Start of Information supplied

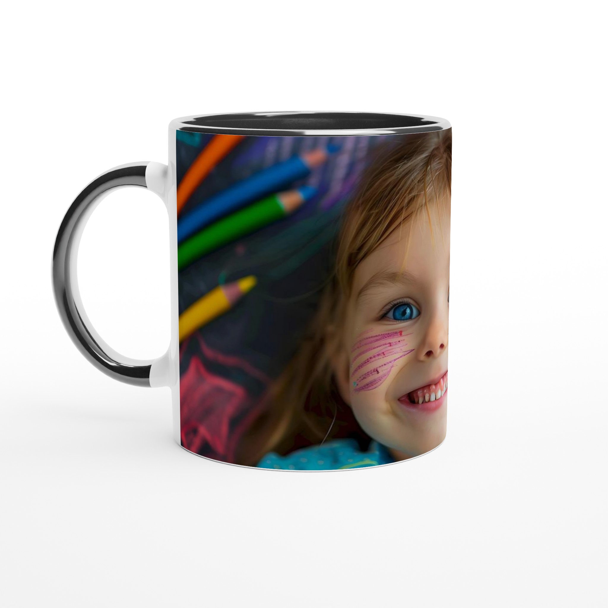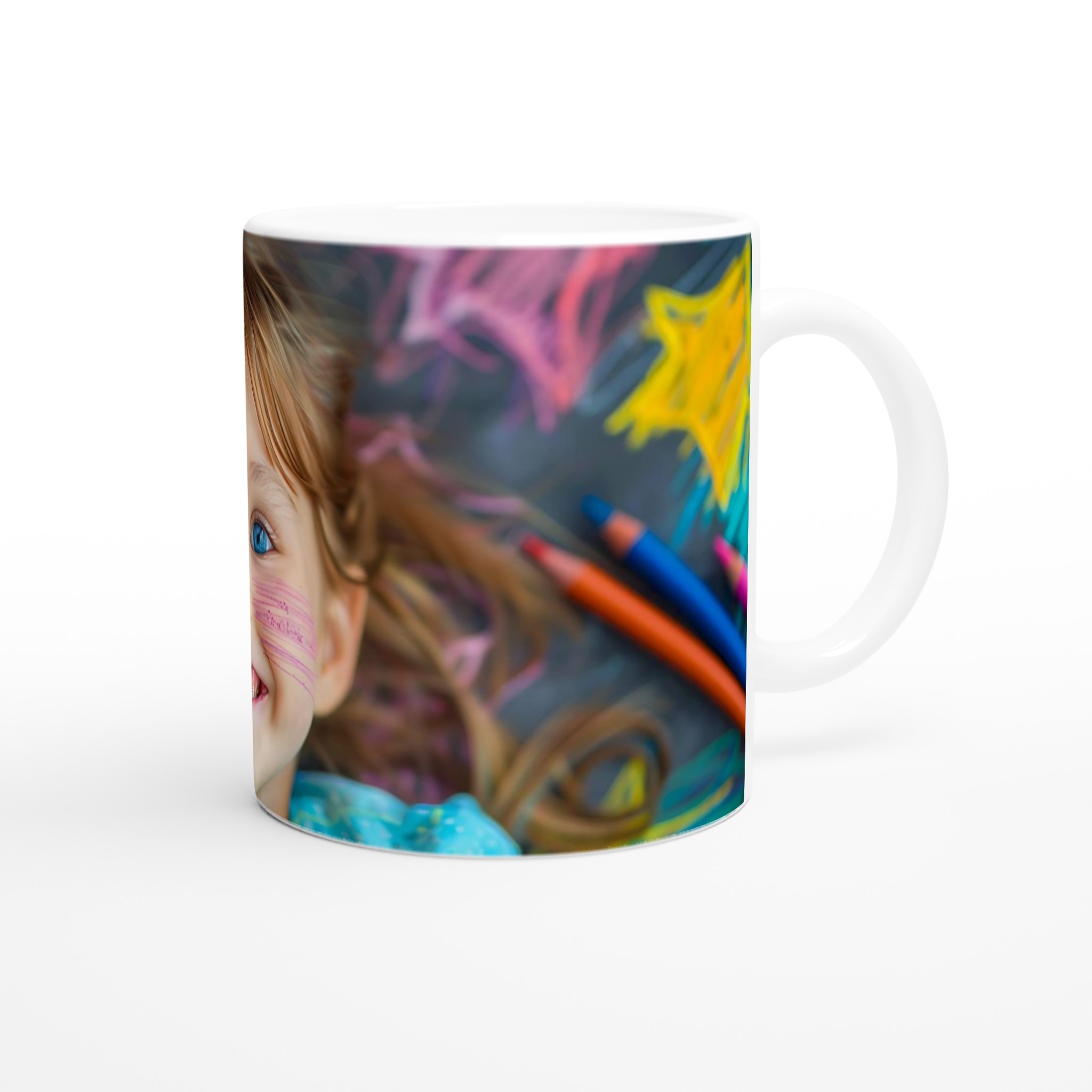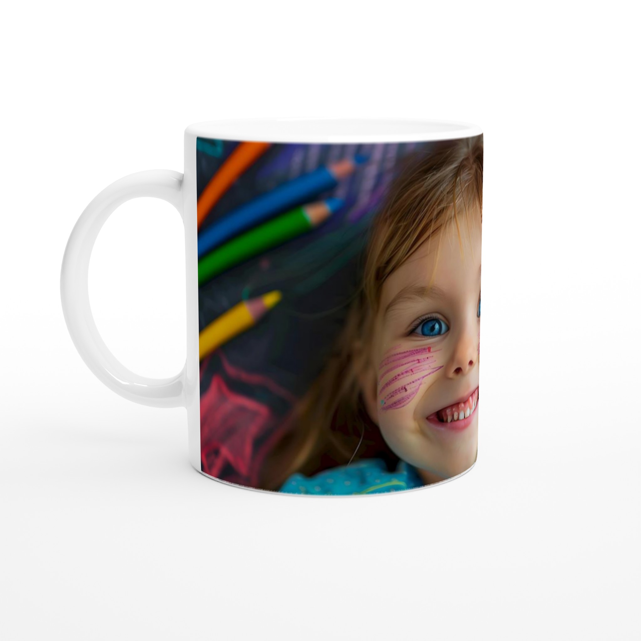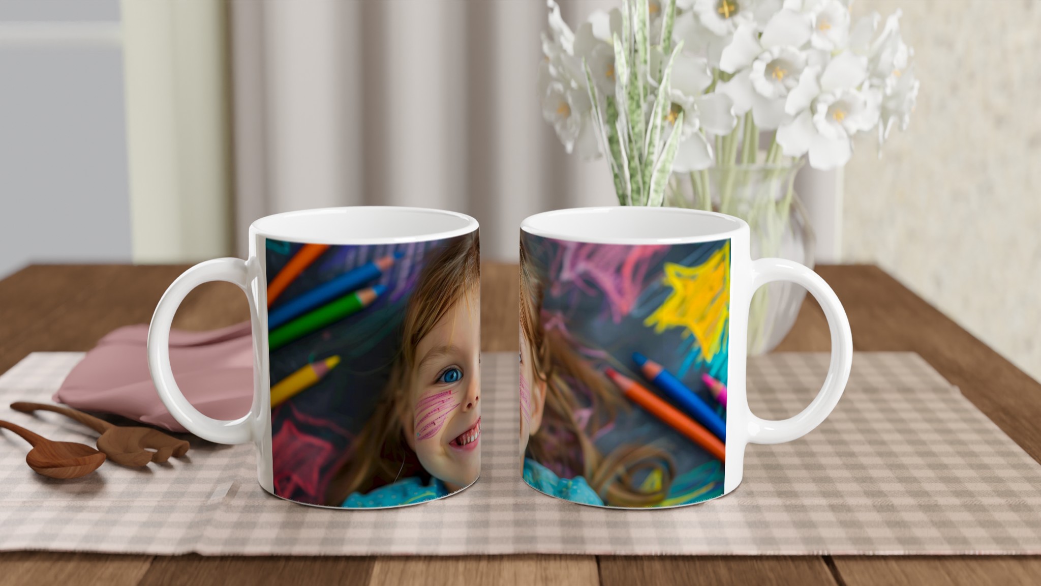 Lys upp din dag med vår glädjefulla keramiska mugg! Med en design som påminner om lekfull kreativitet och sprudlande fantasi, är denna mugg mer än bara en kopp – den är en daglig påminnelse om livets små, lyckliga stunder. Perfekt för morgonkaffet, kvällens varma choklad eller när du bara vill njuta av en kopp te. Den blanka ytan gör att trycken framhävs med klara och levande färger, som håller sig fina även efter många turer i mikron och diskmaskinen.
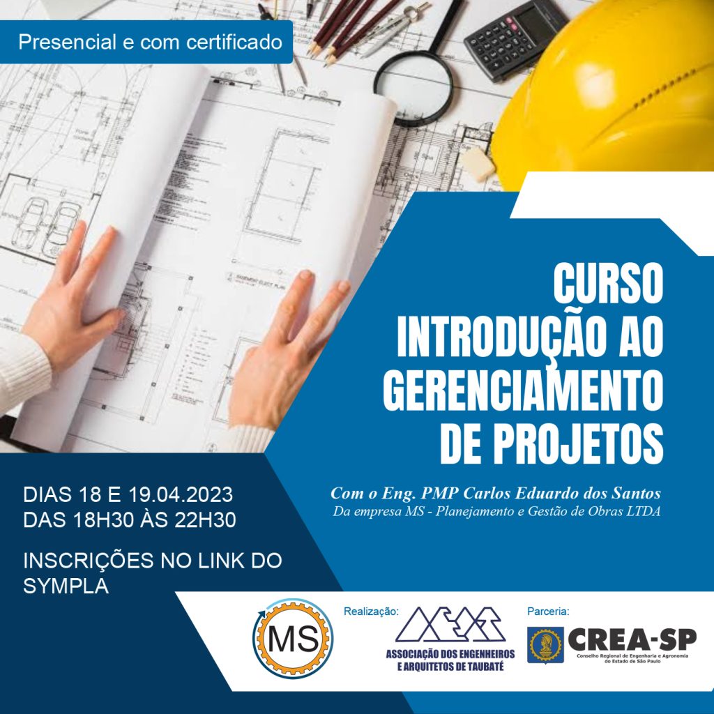 INSCRIÇÕES AQUI: Estão abertas as inscrições para o CURSO INTRODUÇÃO AO GERENCIAMENTO DE PROJETOS, que será ministrado de forma presencial na AEAT, dias 18 e 19 de abril de 2023, das 18h30 às 22h30, com carga horária de 8 horas. O curso será ministrado pelo Eng. PMP arlos Eduardo dos Santos, da empresa MS – Planejamento e Gestão de Obras LTDA.
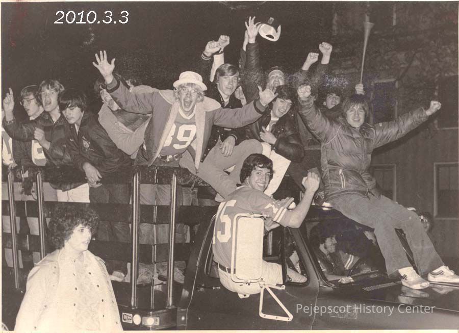 A B/W photograph of some kids in the back of a truck. The photo is labeled "Dragon Pride." Undated
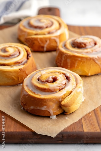 Freshly Baked Cinnamon Rolls Sugar Glaze Parchment Paper Wooden Board
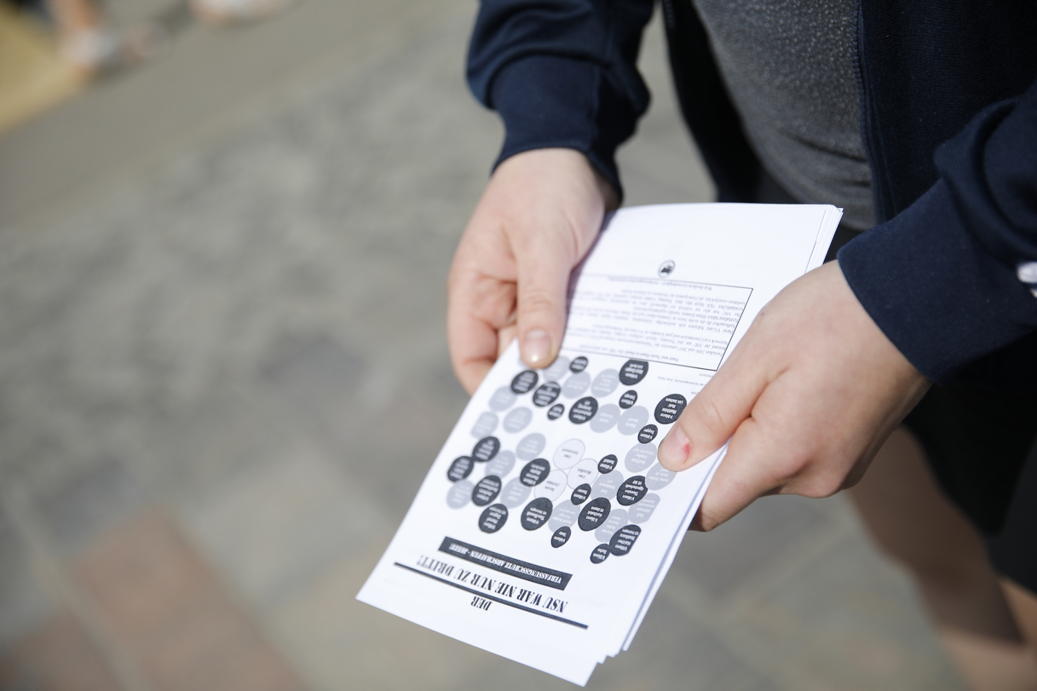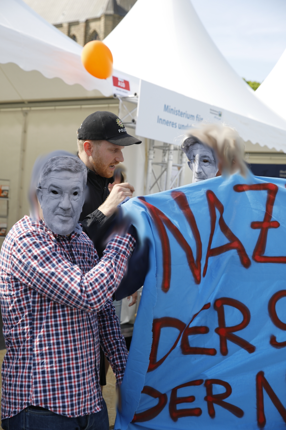 Hierbei wurde mit Hilfe eines Transparentes der Stand des VS abgeschirmt. Durch das Verteilen von Flyern wurden Besucher*innen von der Mittäterschaft des Verfassungsschutzes in der Mordserie des National Sozialistischen Untergrunds (NSU) informiert. Desweiteren wurde der Stand, sowie die Umgebung mit Schnipseln eingedeckt, welche auf die Kampange „Kein Schlussstrich“ hinweisen. Die Kampange beschäftigt sich mit dem Ende des NSU Prozesses, dass ende Juni erwartet wird. Die Aktion stoß auf breite Zustimmung bei Passanten*innen, auch die Mitarbeiter*innen des Verfassungsschutzes machten sich einige Gedanken und fotografierten eifrig mit ihren Handys.
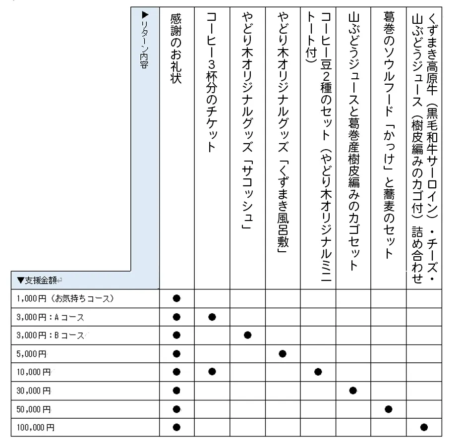 カフェで提供するコーヒー豆や、販売するオリジナルグッズを中心に、リターンをご用意しました。
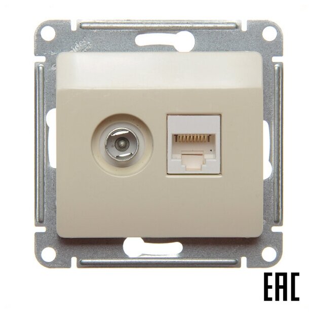 Розетка компьютерная + телевизионная 2-м Glossa RJ45 кат.5E + TV механизм беж. GSL000289 Schneider Electric

End of Information supplied

How to complete this task —
Print the records exactly and omit all pictures.

Task answer —
 Lys upp din dag med vår glädjefulla keramiska mugg! Med en design som påminner om lekfull kreativitet och sprudlande fantasi, är denna mugg mer än bara en kopp – den är en daglig påminnelse om livets små, lyckliga stunder. Perfekt för morgonkaffet, kvällens varma choklad eller när du bara vill njuta av en kopp te. Den blanka ytan gör att trycken framhävs med klara och levande färger, som håller sig fina även efter många turer i mikron och diskmaskinen.
 INSCRIÇÕES AQUI: Estão abertas as inscrições para o CURSO INTRODUÇÃO AO GERENCIAMENTO DE PROJETOS, que será ministrado de forma presencial na AEAT, dias 18 e 19 de abril de 2023, das 18h30 às 22h30, com carga horária de 8 horas. O curso será ministrado pelo Eng. PMP arlos Eduardo dos Santos, da empresa MS – Planejamento e Gestão de Obras LTDA.
 A B/W photograph of some kids in the back of a truck. The photo is labeled "Dragon Pride." Undated
 Freshly Baked Cinnamon Rolls Sugar Glaze Parchment Paper Wooden Board
 Hierbei wurde mit Hilfe eines Transparentes der Stand des VS abgeschirmt. Durch das Verteilen von Flyern wurden Besucher*innen von der Mittäterschaft des Verfassungsschutzes in der Mordserie des National Sozialistischen Untergrunds (NSU) informiert. Desweiteren wurde der Stand, sowie die Umgebung mit Schnipseln eingedeckt, welche auf die Kampange „Kein Schlussstrich“ hinweisen. Die Kampange beschäftigt sich mit dem Ende des NSU Prozesses, dass ende Juni erwartet wird. Die Aktion stoß auf breite Zustimmung bei Passanten*innen, auch die Mitarbeiter*innen des Verfassungsschutzes machten sich einige Gedanken und fotografierten eifrig mit ihren Handys.
 カフェで提供するコーヒー豆や、販売するオリジナルグッズを中心に、リターンをご用意しました。
 Розетка компьютерная + телевизионная 2-м Glossa RJ45 кат.5E + TV механизм беж. GSL000289 Schneider Electric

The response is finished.